(Extracted data entries)
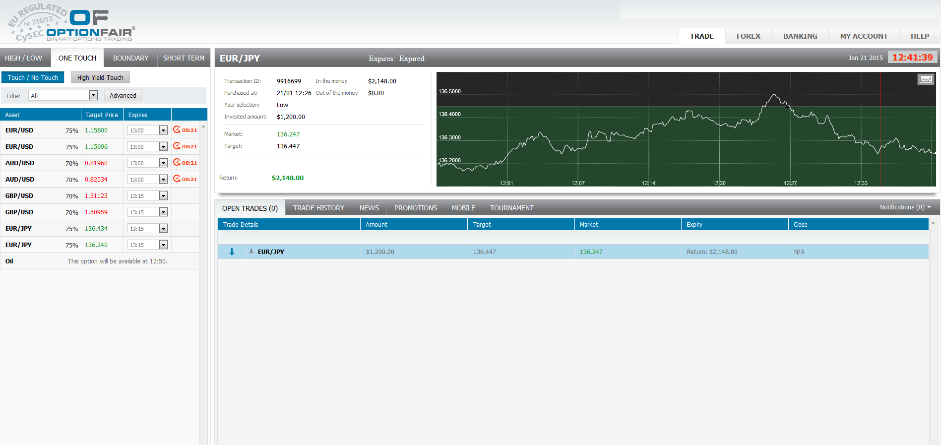 I logged in the OptionFair™ binary options trading platform and I traded $1200 on the "Touch Down" instrument. This kind of option has a return of 75% if the option touches the strike price prior to expiry, which means that if the signal is correct, I could get a return of $900 on my investment.
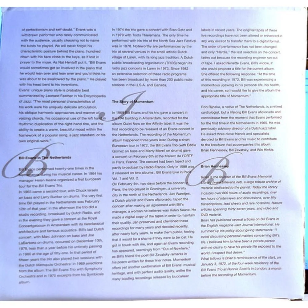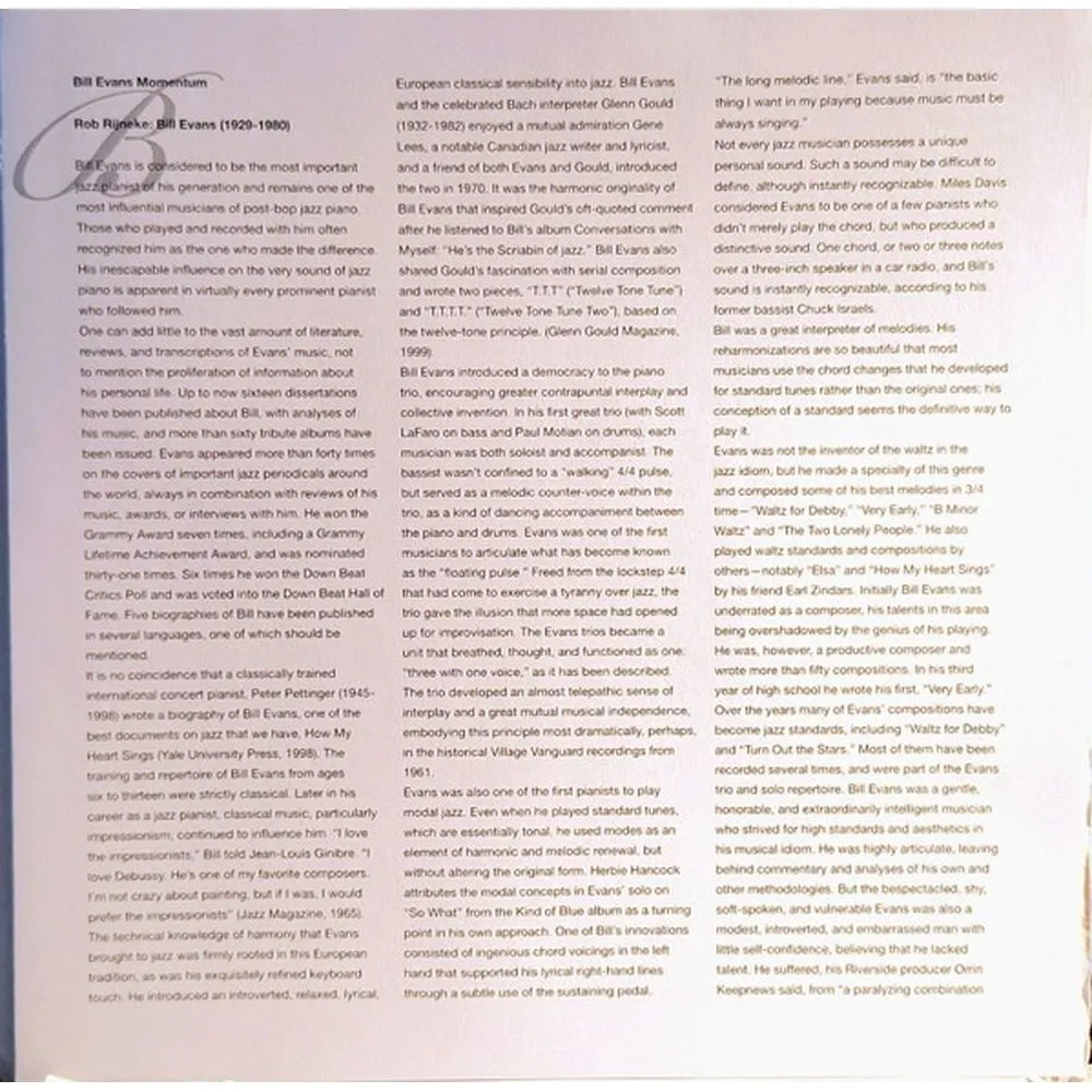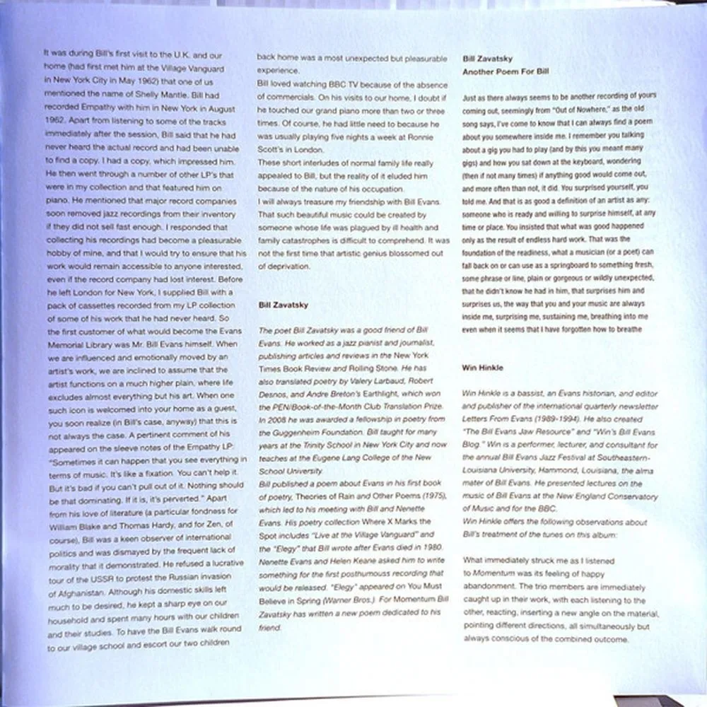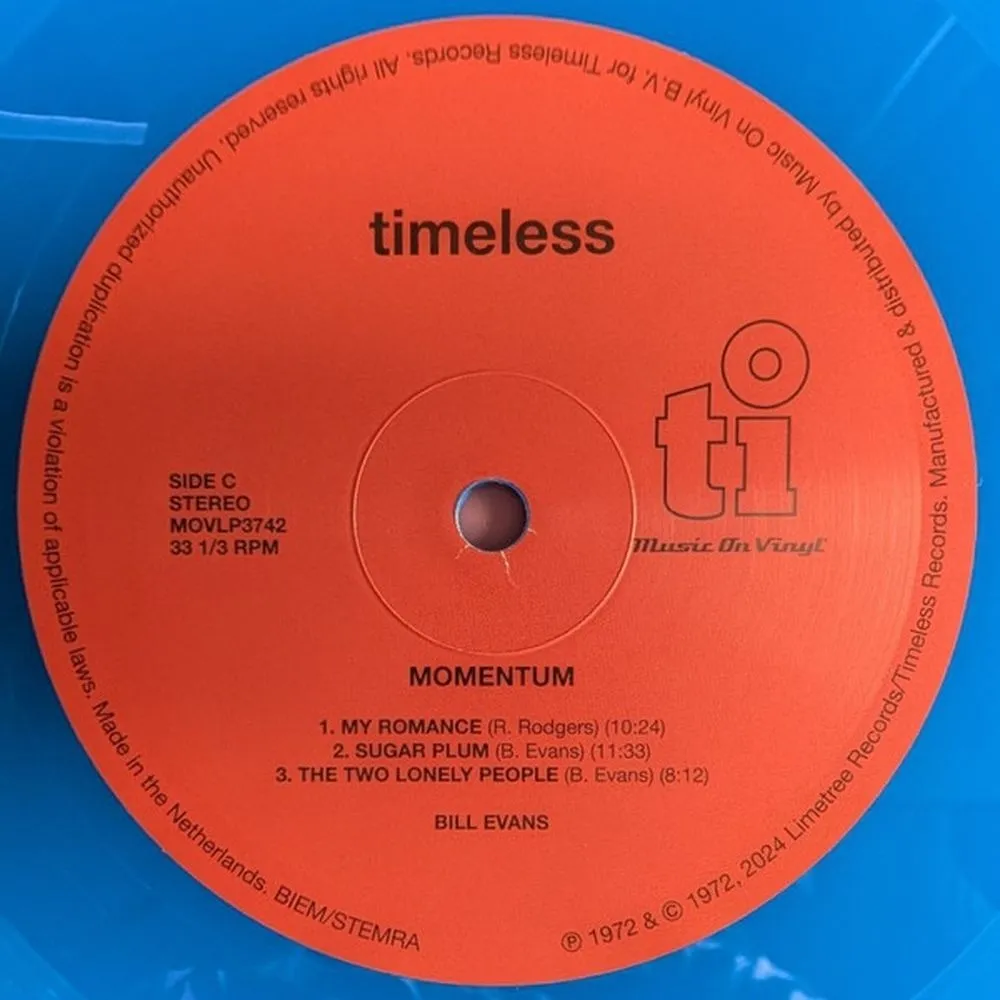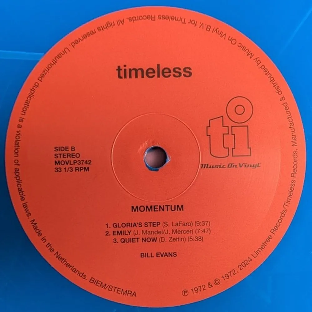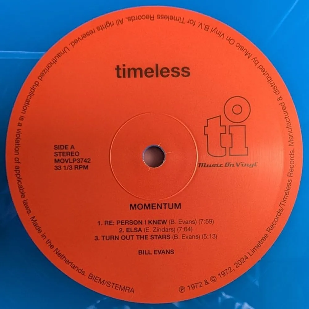 2LP — ограниченный тираж синего винила плотностью 180 г. Тираж всего 1000 экземпляров. Альбом « Momentum » известного джазового исполнителя Билла Эванса – концертный альбом 1972 года, записанный на концерте в Stadsschouwburg в Гронингене, Нидерланды. В состав трио, помимо Билла Эванса (фортепиано), входят Эдди Гомес (бас) и Марти Морель (ударные). Ансамбль исполняет композиции Билла Эванса, « Nardis » Майлза Дэвиса и « What Are You Doing The Rest Of Your Life » Мишеля Леграна. Альбом получил престижную немецкую премию Preis Der Deutschen Schallplattenkritik. «Momentum» выпущен ограниченным тиражом в 1000 экземпляров на синем виниле.
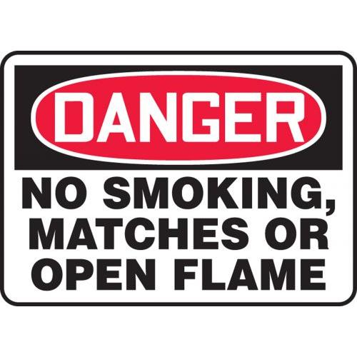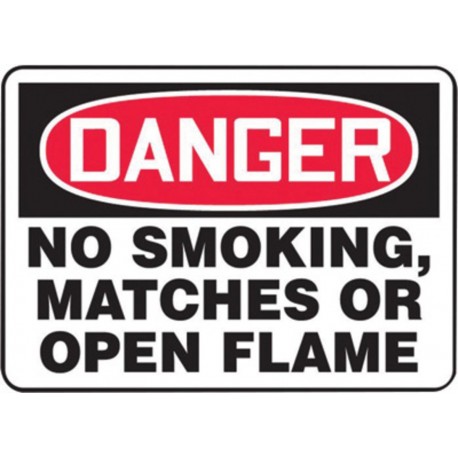 Accuform, MSMK025VP, 10" x 14" OSHA Danger Safety Sign "No Smoking, Matches Or Open Lights" Plastic Features: Manufactured with 50% Post-Consumer Recycled plastic and is recyclable code 2 .055" thick polyethylene, matte surface print Impact resistant with slight flexibility Rounded corners and 3/16" mounting holes on most sizes, will be adjusted for larger sizes Service temperature range: -90 F to 168
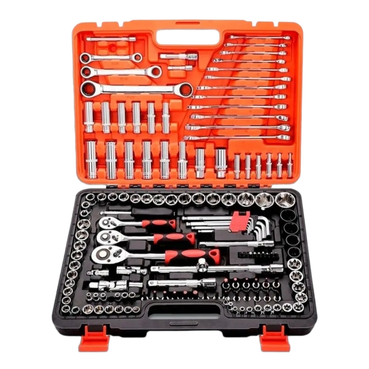 Набор инструментов автомобильный 150 предметов создан для профессионального использования в автосервисах. Рабочая часть всех элементов изготавливается из высокопрочной CRV стали, которая отличается устойчивостью к перепадам температур, влаге и механическим воздействиям. Рукоятки трещоток, воротка выполнены из двухкомпонентного материала высокой плотности, имеющего приятную бархатистую поверхность на ощупь. Все элементы имеют специальную маркировку с размерами. Набор упакован в прочный кейс, изготовленный из жесткого противоударного пластика и имеет надежные застежки.
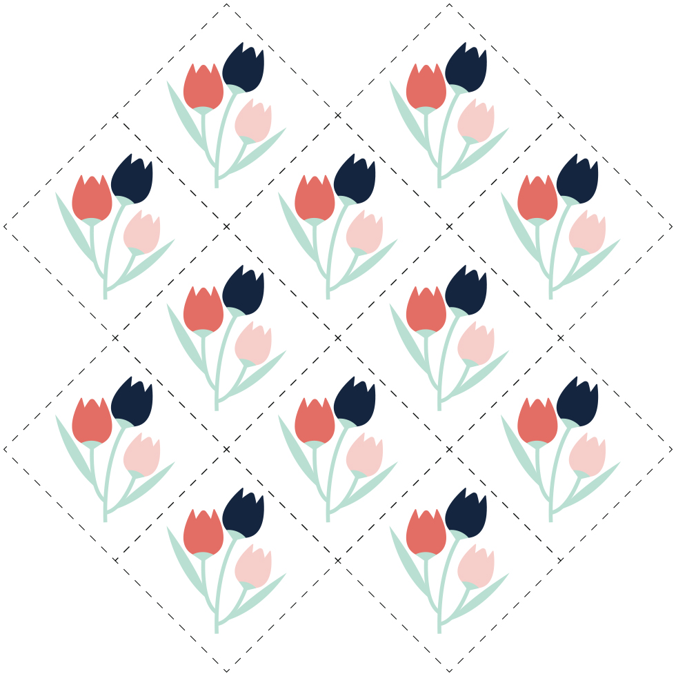 This standard repeat system is prevalent for floral repeating patterns. Imagine tossing a handful of flowers up into the air. When they fall back to the ground, they become scattered. The flowers face in all directions, creating an organic and non-linear arrangement. Placing the design motifs randomly within the tile will form this type of repeat.

WHAT IS EXPECTED –
Exclude every picture, then reproduce the remaining data character for character.

TASK RESPONSE –
 I logged in the OptionFair™ binary options trading platform and I traded $1200 on the "Touch Down" instrument. This kind of option has a return of 75% if the option touches the strike price prior to expiry, which means that if the signal is correct, I could get a return of $900 on my investment.
 2LP — ограниченный тираж синего винила плотностью 180 г. Тираж всего 1000 экземпляров. Альбом « Momentum » известного джазового исполнителя Билла Эванса – концертный альбом 1972 года, записанный на концерте в Stadsschouwburg в Гронингене, Нидерланды. В состав трио, помимо Билла Эванса (фортепиано), входят Эдди Гомес (бас) и Марти Морель (ударные). Ансамбль исполняет композиции Билла Эванса, « Nardis » Майлза Дэвиса и « What Are You Doing The Rest Of Your Life » Мишеля Леграна. Альбом получил престижную немецкую премию Preis Der Deutschen Schallplattenkritik. «Momentum» выпущен ограниченным тиражом в 1000 экземпляров на синем виниле.
 Accuform, MSMK025VP, 10" x 14" OSHA Danger Safety Sign "No Smoking, Matches Or Open Lights" Plastic Features: Manufactured with 50% Post-Consumer Recycled plastic and is recyclable code 2 .055" thick polyethylene, matte surface print Impact resistant with slight flexibility Rounded corners and 3/16" mounting holes on most sizes, will be adjusted for larger sizes Service temperature range: -90 F to 168
 Набор инструментов автомобильный 150 предметов создан для профессионального использования в автосервисах. Рабочая часть всех элементов изготавливается из высокопрочной CRV стали, которая отличается устойчивостью к перепадам температур, влаге и механическим воздействиям. Рукоятки трещоток, воротка выполнены из двухкомпонентного материала высокой плотности, имеющего приятную бархатистую поверхность на ощупь. Все элементы имеют специальную маркировку с размерами. Набор упакован в прочный кейс, изготовленный из жесткого противоударного пластика и имеет надежные застежки.
 This standard repeat system is prevalent for floral repeating patterns. Imagine tossing a handful of flowers up into the air. When they fall back to the ground, they become scattered. The flowers face in all directions, creating an organic and non-linear arrangement. Placing the design motifs randomly within the tile will form this type of repeat.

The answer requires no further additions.